What to work on: In the data below, set down exactly the lines from the one containing "Saveurs : légumes" up to and including the one containing "Silver Fullmetal Alchemis". Leave the pictures out.

Data:
Start of Block

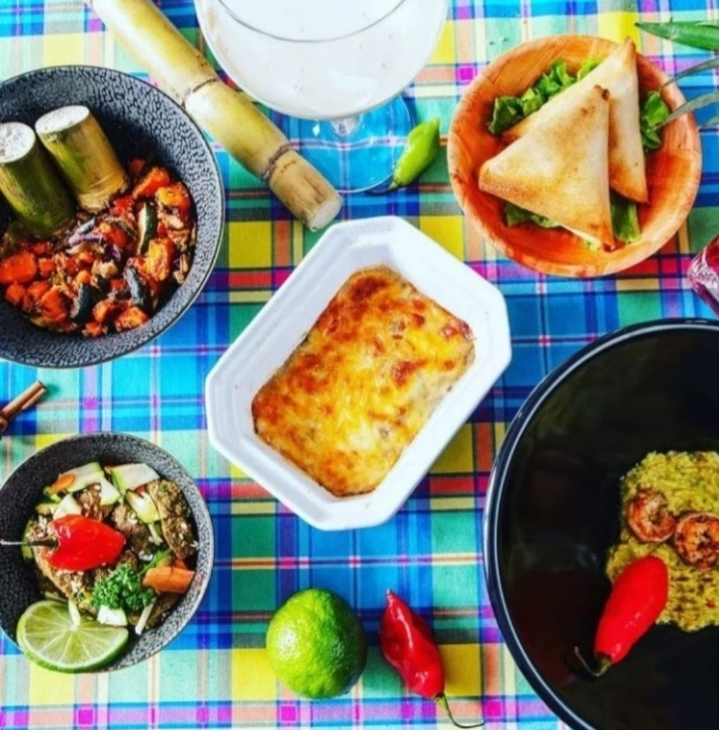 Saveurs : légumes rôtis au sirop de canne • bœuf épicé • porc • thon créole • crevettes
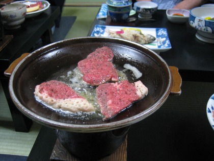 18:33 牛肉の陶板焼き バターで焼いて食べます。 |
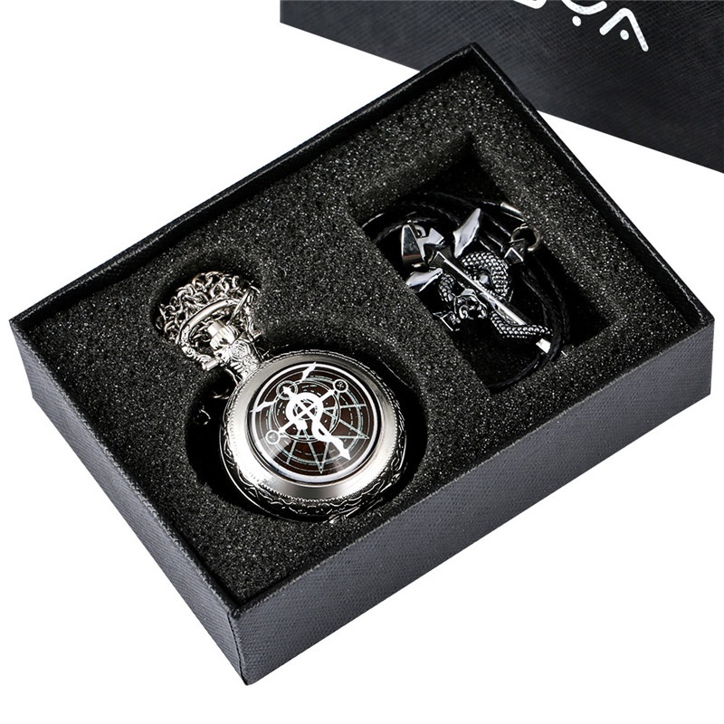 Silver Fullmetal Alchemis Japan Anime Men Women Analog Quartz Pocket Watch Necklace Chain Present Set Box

End of Block
Start of Block

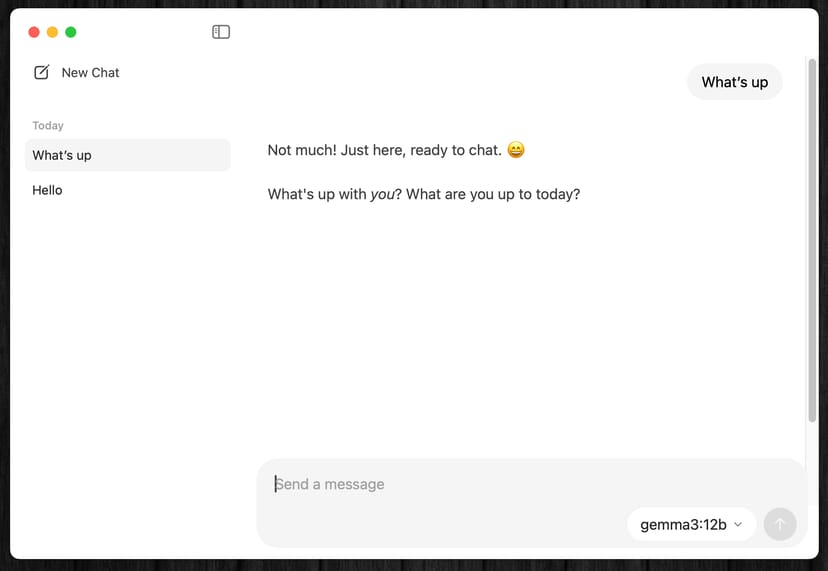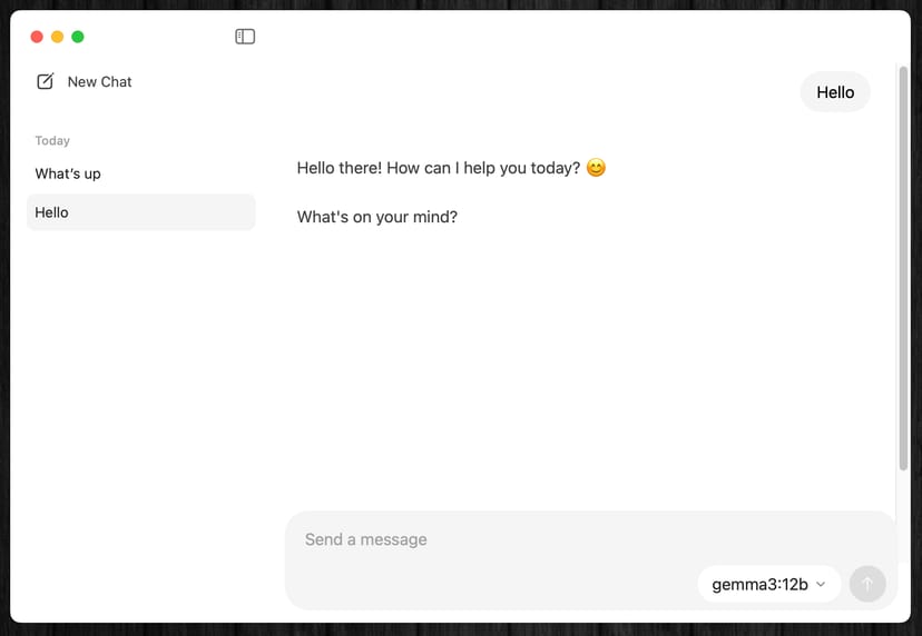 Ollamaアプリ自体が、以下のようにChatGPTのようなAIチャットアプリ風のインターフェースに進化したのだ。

End of Block
Start of Block

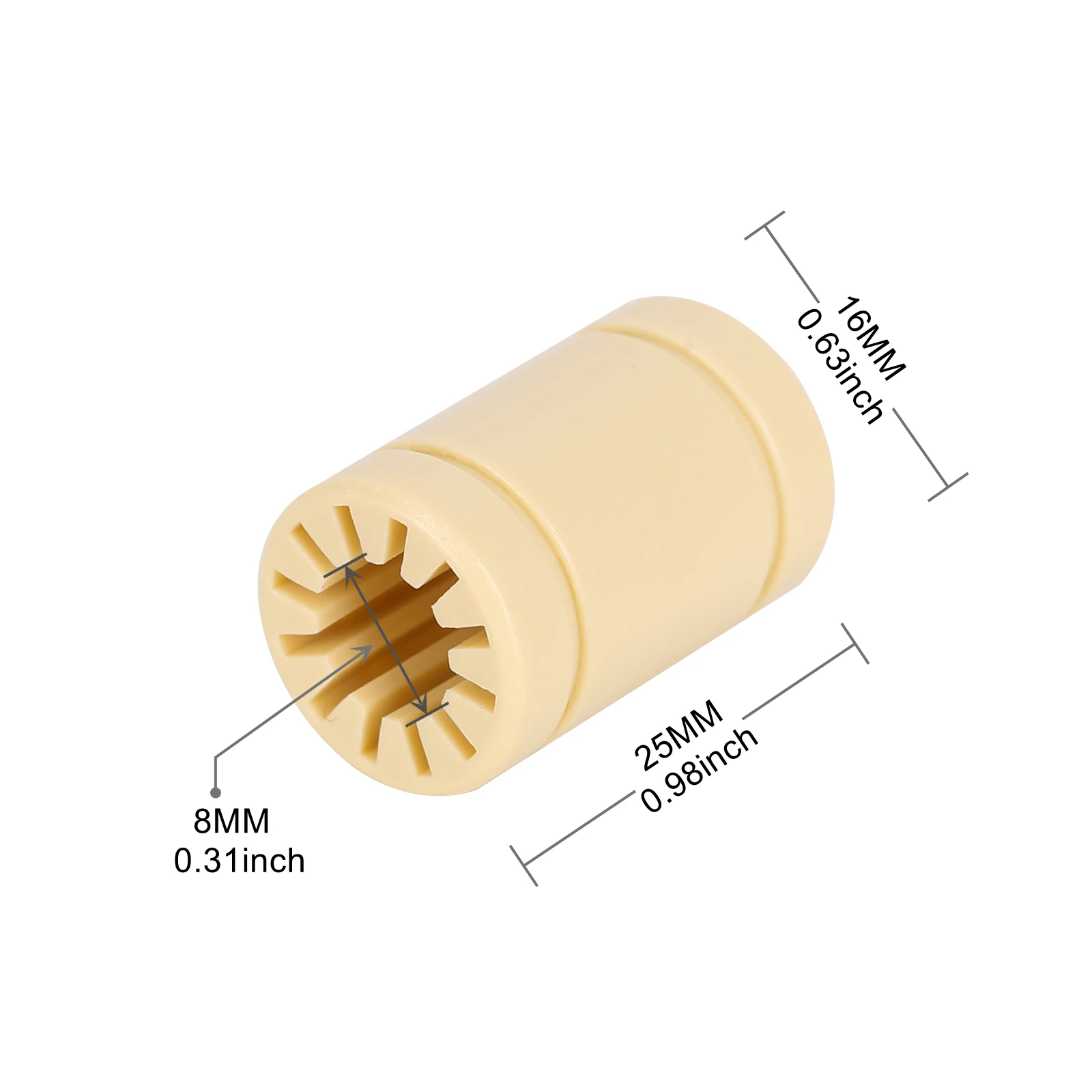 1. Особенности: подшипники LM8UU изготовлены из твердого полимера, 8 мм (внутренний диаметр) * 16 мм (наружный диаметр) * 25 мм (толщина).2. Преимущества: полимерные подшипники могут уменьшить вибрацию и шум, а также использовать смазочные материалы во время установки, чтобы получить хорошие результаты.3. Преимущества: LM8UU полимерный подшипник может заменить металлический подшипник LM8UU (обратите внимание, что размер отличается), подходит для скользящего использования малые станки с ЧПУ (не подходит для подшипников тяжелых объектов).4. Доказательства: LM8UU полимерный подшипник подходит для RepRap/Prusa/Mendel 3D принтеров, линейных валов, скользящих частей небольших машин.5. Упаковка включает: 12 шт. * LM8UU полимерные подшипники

End of Block

Exercise output:
 Saveurs : légumes rôtis au sirop de canne • bœuf épicé • porc • thon créole • crevettes
 18:33 牛肉の陶板焼き バターで焼いて食べます。 |
 Silver Fullmetal Alchemis Japan Anime Men Women Analog Quartz Pocket Watch Necklace Chain Present Set Box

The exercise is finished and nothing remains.